Update: I found $m_2\le 32$, which means that my upper bound ${\ref{bound}}$ is not optimal.
Frog puzzle is played on a connected graph as follows:
Place one frog on each vertex of the graph to start the puzzle.
The goal of the puzzle is to move all frogs to a given vertex.
All $f$ frogs on vertex $v$ can be moved to vertex $w$ if and only if:
- Both vertices $v,w$ contain at least one frog.
- There exists a path from $v$ to $w$ consisting of $f$ unique edges.
For example, frog puzzle is solvable on any vertex of a path graph.
I'm interested in solving the puzzle on star subgraphs of "dandelion graphs". They can be described as:
Definition. Let $D_{m,n}$ represent a "dandelion graph" consisting of a vertex $v_0$ of degree $m+1$, where:
- $v_0$ is connected to $m$ leaf vertices $\{s_1,\dots,s_m\}=V(S_m)$, i.e. $v_0$ is a center of a star $S_m$.
- $v_0$ is connected to a path $P_n$ whose vertices are $V(P_n)=\{p_1,\dots,p_n\}$.
That is, star $S_m$ and path $P_n$ are subgraphs of $D_{m,n}$ that share only a single vertex $v_0$.
Then, $|V(D_{m,n})|=m+n+1$. For example, frog puzzle is solvable on vertex $p_3$ of a $D_{6,15}$ dandelion.

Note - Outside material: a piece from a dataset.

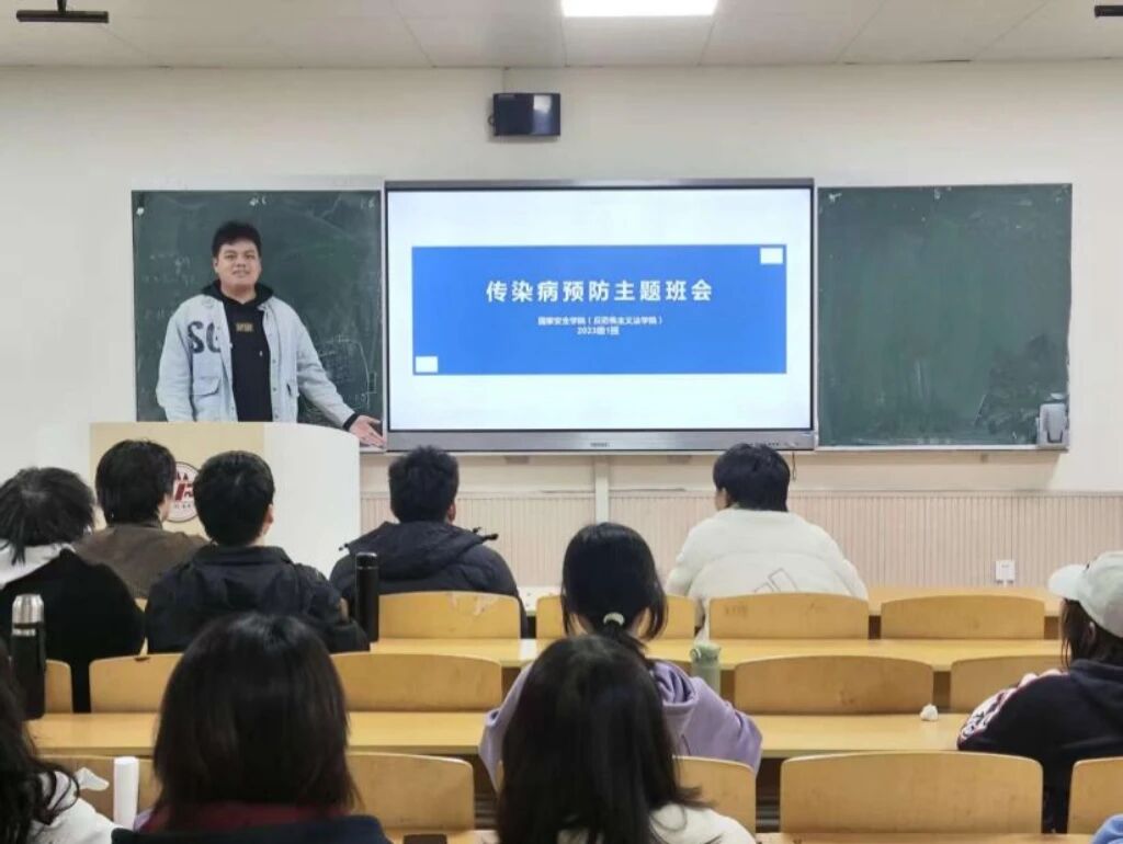 为增强同学们对传染病的预防意识,筑牢校园健康防线,爱爱视频 (反恐怖主义法学院)2023级1班召开传染病预防主题班会。本次班会由班长丁盟同学主讲,班级全体同学共同参与。

Question. Given $k\in\mathbb N$, what is the smallest $m\gt k$ such that $D_{m,m-k}$ is "solvable in a vertex" $s\in V(S_m)$ ?

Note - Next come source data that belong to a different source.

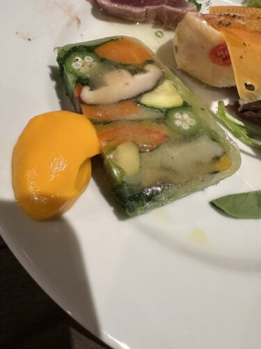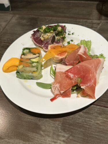 野菜のテリーヌ、カツオ、イチジクと生ハムとたっぷりいれてくださいました!とっても美しいですね!いただいてみるとめっちゃ美味しい~!
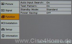 - "Function"-Menü Im Menü "Funktion" bieten sich diverse Projektor-spezifische Bedienkonfigurationen. "Auto Input Search" bewirkt, dass der Projektor nur auf Eingänge umschaltet, an denen auch ein Signal anliegt. Dies ist eine sinnvolle Funktion, doch wäre sie bei einer besseren Fernbedienung mit direkten Quell-Tasten überflüssig. Mit "Test-Pattern" wird ein praktisches Testbild bei der Zoom & Schärfejustage der Optik automatisch eingeblendet. "Standby Mode" und "Power Saving" sind umweltschonende Funktionen zum Stromsparen ;-) .
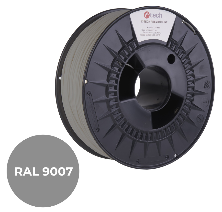 C-TECH tisková struna PREMIUM LINE ( filament ) , PLA, šedý hliník, RAL9007, 1,75mm, 1kg
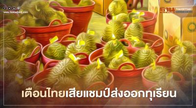 เตือน "มาเลย์" ม้ามืด ไทยเสียแชมป์ส่งออกทุเรียน

We say that given graph "is solvable in a vertex" if the frog puzzle is solvable in that vertex.
Motivation: I have proven that $s\in V(S_m)$ is solvable if $n\ge m$. It remains to consider cases like the given question. (I also know that every vertex of a dandelion is solvable if $n\ge 2m+3$, but asking about all vertices for all $n\lt 2m+3$ is maybe too much.)
Let $m_k$ be the smallest $m$ that answers the question for the given $k$.
I believe that $m_1=14$. This is because $D_{14,13}$ is indeed solvable in some $s\in V(S_m)$,
and because for smaller $m$, the $D_{m,m-1}$ is not solvable in $s$ (assuming my computer search is ok).
For $k>1$, I can only find upper bounds. That is, I have the following: $$m_{k+1}\le 3m_k -2k + 5\label{bound}\tag*{(*)}$$
This is not hard to see. I inductively took the solution of $D_{m_k,m_k-k}$, then connected one extra leaf vertex $s'$ to $v_0$ and then kept connecting an additional vertex both to $v_0$ and to the end of the path subgraph until I could move frogs to that one extra leaf vertex $s'$ and then eventually move all remaining frogs to $s$ in which the graph needs to be solvable. It turns out that extending the graph to $D_{m_{k+1},m_{k+1}-(k+1)}=D_{m',n'},n'=3(m_k-k)+4$ works, which gives the upper bound.
Could this upper bound be the answer (equality holds?), or is there a better upper bound?
Update: My upper bound gives $m_2\le 45$, but I found $m_2\le 32$. Can we do even better?